▶ [Dataset entries]
══════════

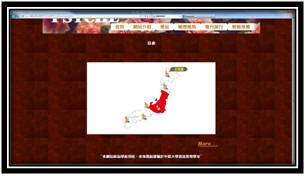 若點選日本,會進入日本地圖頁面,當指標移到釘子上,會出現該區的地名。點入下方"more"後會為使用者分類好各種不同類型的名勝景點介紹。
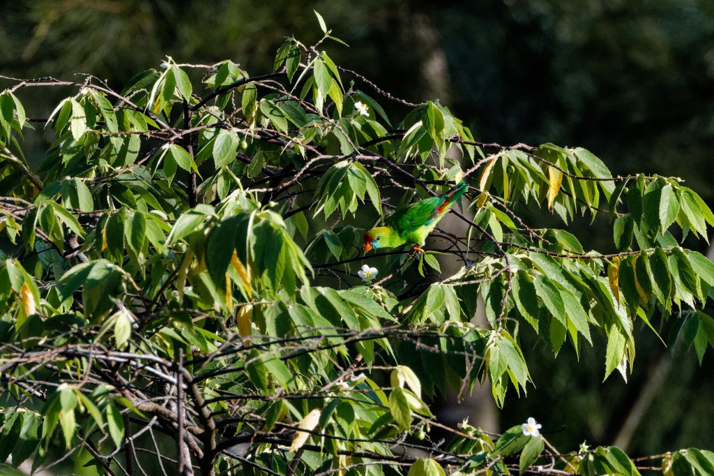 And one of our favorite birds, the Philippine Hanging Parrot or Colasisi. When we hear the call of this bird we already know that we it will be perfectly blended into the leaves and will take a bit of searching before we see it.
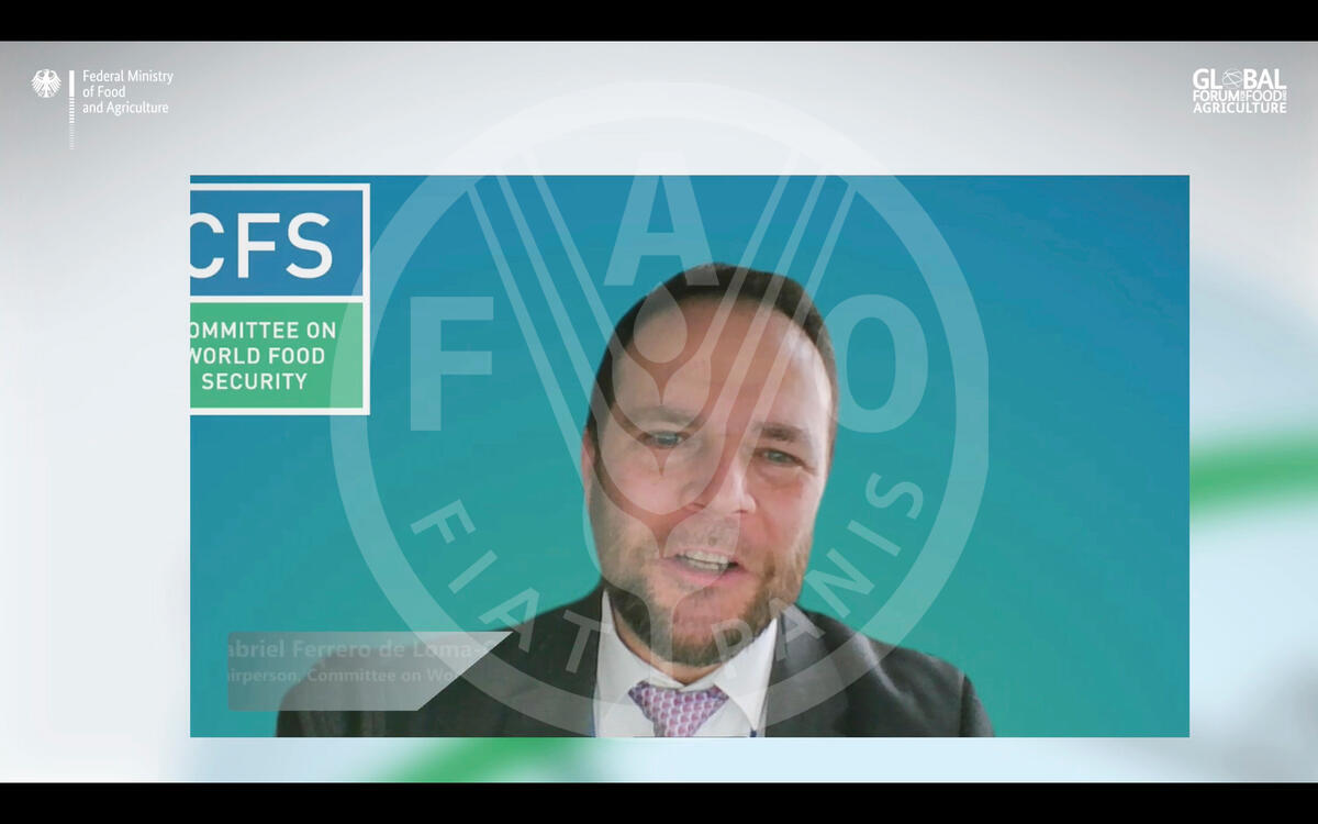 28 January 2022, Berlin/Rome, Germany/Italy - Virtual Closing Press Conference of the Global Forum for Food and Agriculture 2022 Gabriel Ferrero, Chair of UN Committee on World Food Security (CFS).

══════════

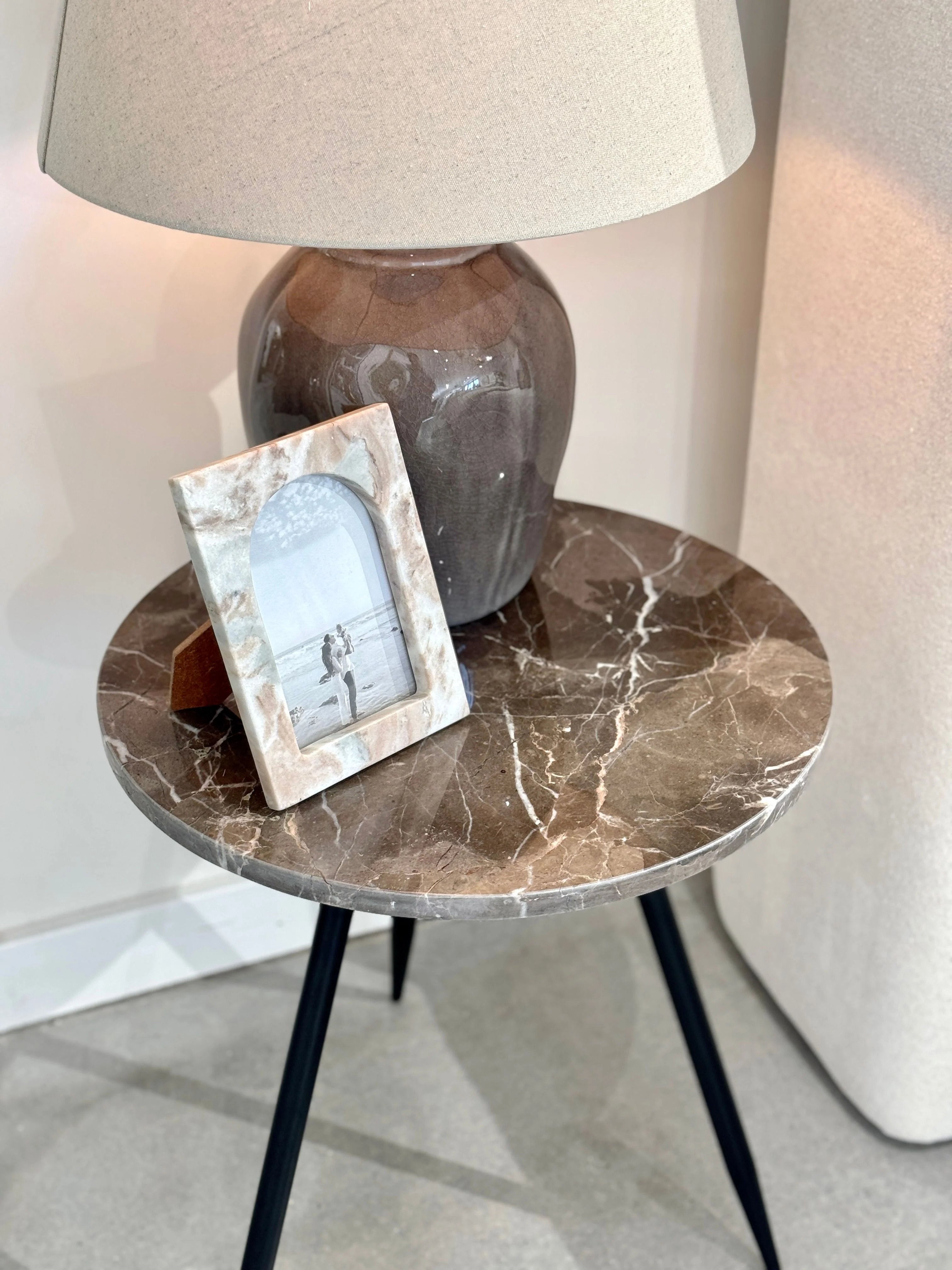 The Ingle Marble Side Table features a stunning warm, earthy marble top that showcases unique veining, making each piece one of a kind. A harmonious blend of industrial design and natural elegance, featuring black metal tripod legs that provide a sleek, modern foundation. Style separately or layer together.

══════════

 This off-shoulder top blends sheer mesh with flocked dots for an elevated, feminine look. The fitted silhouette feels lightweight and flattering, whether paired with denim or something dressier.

══════════

▶ [What is needed] What to print is the stretch of entries from the line with "若點選日本,會進入日本地圖頁" up to and including the line with "28 January 2022, Berlin/Rome, Germany/Italy". Please print it exactly and leave out the pictures.

▶ [Answer for this exercise]
 若點選日本,會進入日本地圖頁面,當指標移到釘子上,會出現該區的地名。點入下方"more"後會為使用者分類好各種不同類型的名勝景點介紹。
 And one of our favorite birds, the Philippine Hanging Parrot or Colasisi. When we hear the call of this bird we already know that we it will be perfectly blended into the leaves and will take a bit of searching before we see it.
 28 January 2022, Berlin/Rome, Germany/Italy - Virtual Closing Press Conference of the Global Forum for Food and Agriculture 2022 Gabriel Ferrero, Chair of UN Committee on World Food Security (CFS).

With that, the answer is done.